**ACTIVITY**: Where an image appears, leave it out; otherwise repeat the data exactly.

**INFORMATION SHOWN**:
==========

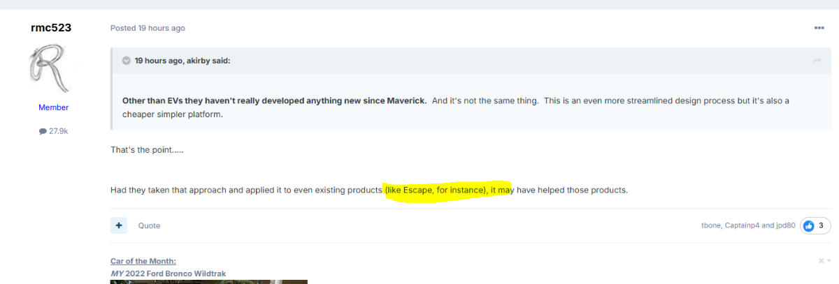 Agree regarding BS and hybrid. Isn't the ROW hybrid for Ranger a PHEV - not sure they'll go that route here....I think they'll go a PowerBoost (regular hybrid) route instead. Farley's comments also line up with those surveys they put out to Bronco owners a few months back that mentioned a few different powertrains (including hybrids).
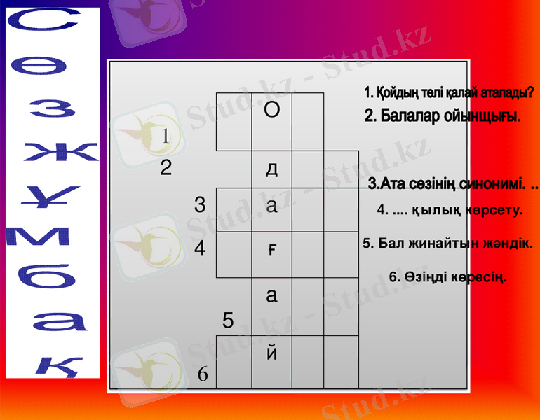 -Балалар, бүгінгі өтетін сабағымыздың тақырыбын табу үшін сөзжұмбақ шешіп көрейік.
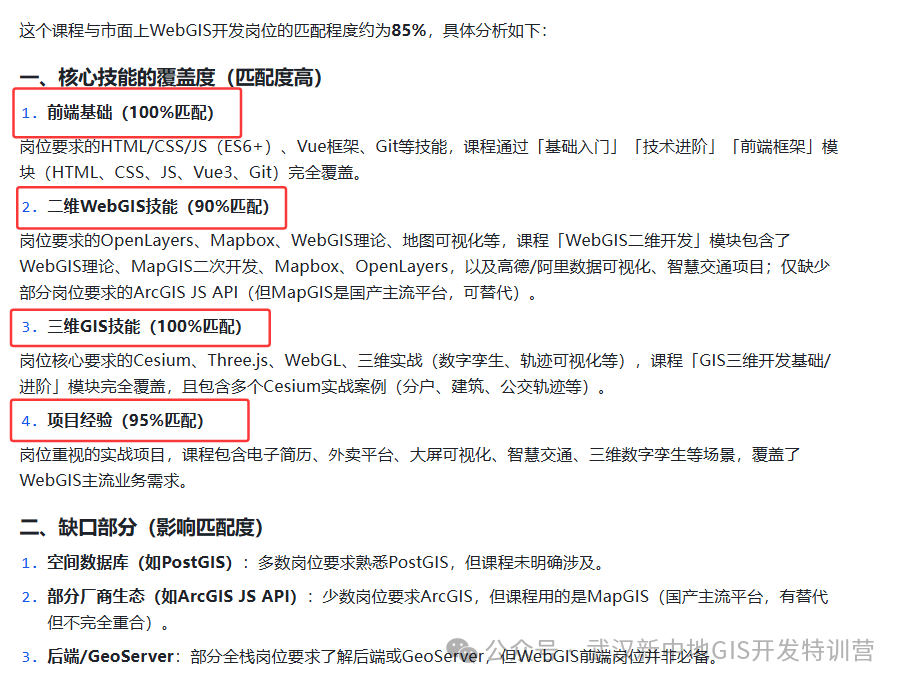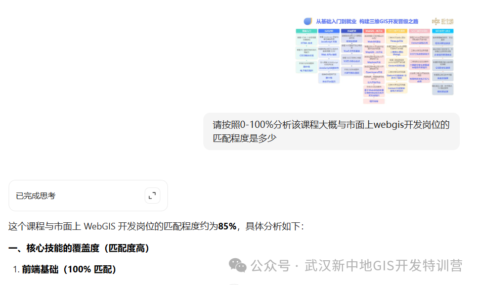 我们用AI分析了课程大纲与市面上正在招聘的webgis开发岗位匹配程度,AI给出的核心技能匹配度为100%,整体匹配度高达85%,具体如下图所示:
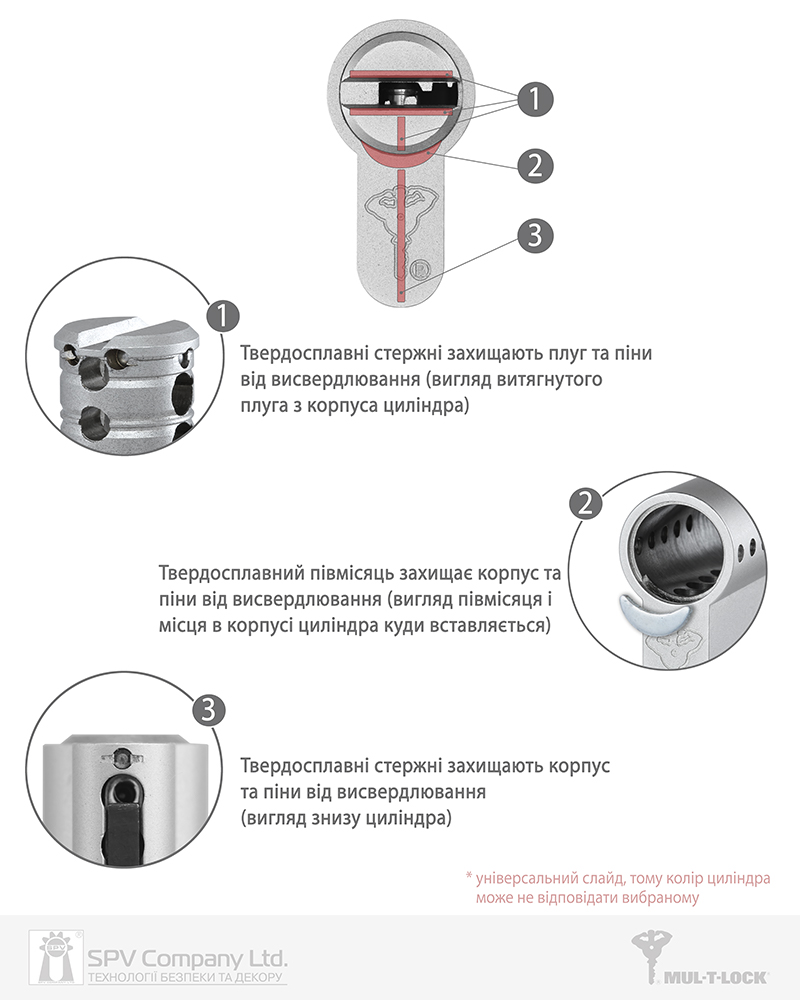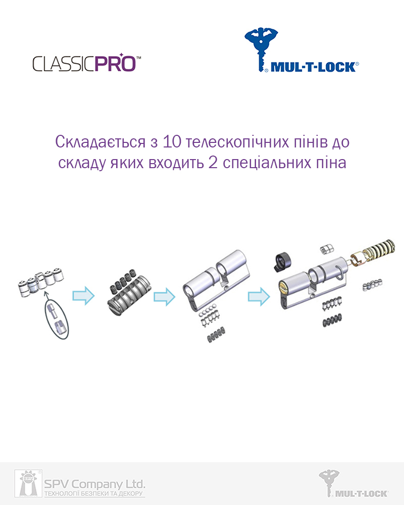 Ця система також дає змогу, в разі потреби, змінити цю довжину та симетрію сердечника, звернувшись до Локсмайстер-центру MUL-T-LOCK®.

==========

**RESULT**:
 Agree regarding BS and hybrid. Isn't the ROW hybrid for Ranger a PHEV - not sure they'll go that route here....I think they'll go a PowerBoost (regular hybrid) route instead. Farley's comments also line up with those surveys they put out to Bronco owners a few months back that mentioned a few different powertrains (including hybrids).
 -Балалар, бүгінгі өтетін сабағымыздың тақырыбын табу үшін сөзжұмбақ шешіп көрейік.
 我们用AI分析了课程大纲与市面上正在招聘的webgis开发岗位匹配程度,AI给出的核心技能匹配度为100%,整体匹配度高达85%,具体如下图所示:
 Ця система також дає змогу, в разі потреби, змінити цю довжину та симетрію сердечника, звернувшись до Локсмайстер-центру MUL-T-LOCK®.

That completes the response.